# 13sec or faster 200sx url?



## 200sxOuTKasT (Feb 24, 2003)

I remember a long time ago I came across a website with a black 200sx SE-R that was heavily modified and could hit 11 second quarter mile runs and had videos of it to prove it. But unfortunately I've formatted my computer and lost the videos and the website and was wondering if anyone still had it. All I remember was that it was apart of nissanpower.com If anyone still has the URL please tell me. Thanks. Or If anyone has any proof (video, photos,website) that a 200sx could can be faster than 13 seconds in the quarter mile, that'd be greatly appreciated as well, as my friend believes that 200sx's will never be fast. Ever.


----------



## twisted200ser (Jun 4, 2002)

200sxOuTKasT said:


> I remember a long time ago I came across a website with a black 200sx SE-R that was heavily modified and could hit 11 second quarter mile runs and had videos of it to prove it. But unfortunately I've formatted my computer and lost the videos and the website and was wondering if anyone still had it.

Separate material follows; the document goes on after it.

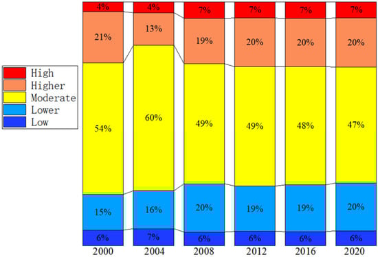 During this period, the area of low-temperature zones remained relatively constant at about 6% of the total area, while the area of secondary low-temperature zones increased by 5.03% over 20 years (Figure 6). The area of medium-temperature zones rose by 5.66% from 2000 to 2004 but then continuously decreased, resulting in a total reduction of 12.20% by 2020. The area of secondary high-temperature zones decreased by 7.65% from 2000 to 2004, but steadily increased afterward, reaching levels nearly equal to those in 2000 by 2020. The area of high-temperature zones has increased annually since 2000 and then stabilized.

All I remember was that it was apart of nissanpower.com If anyone still has the URL please tell me. Thanks. Or If anyone has any proof (video, photos,website) that a 200sx could can be faster than 13 seconds in the quarter mile, that'd be greatly appreciated as well, as my friend believes that 200sx's will never be fast. Ever.



go to www.sr20forum.com


----------



## javierb14 (Jul 9, 2002)

a "quick" sentra 

i know which 200sx your talking about, but i dont remember the url


----------



## 200SE (Dec 18, 2002)

Your friends just don't know any better. SE-R's are in the 13's with the very bottom shelf T25 setup. A local 200SX just got a 12.98 on his T25 before upgrading to a T28.


----------



## javierb14 (Jul 9, 2002)

there are handfull that run 10's or 9's though :hal:


----------



## 200sxOuTKasT (Feb 24, 2003)

Its kind of sad that there isnt a single site or even a video of a quick SE-R. Even showing a timeslip isnt enough if you can't see the car do it, its half the fun. Otherwise we'd all be satisfied with the quarter mile times you can find at the back of Car & Driver.


----------



## 200SE (Dec 18, 2002)

Head over to sr20deforum.com and do a search for se-r videos. I ran a really quick search and found a couple.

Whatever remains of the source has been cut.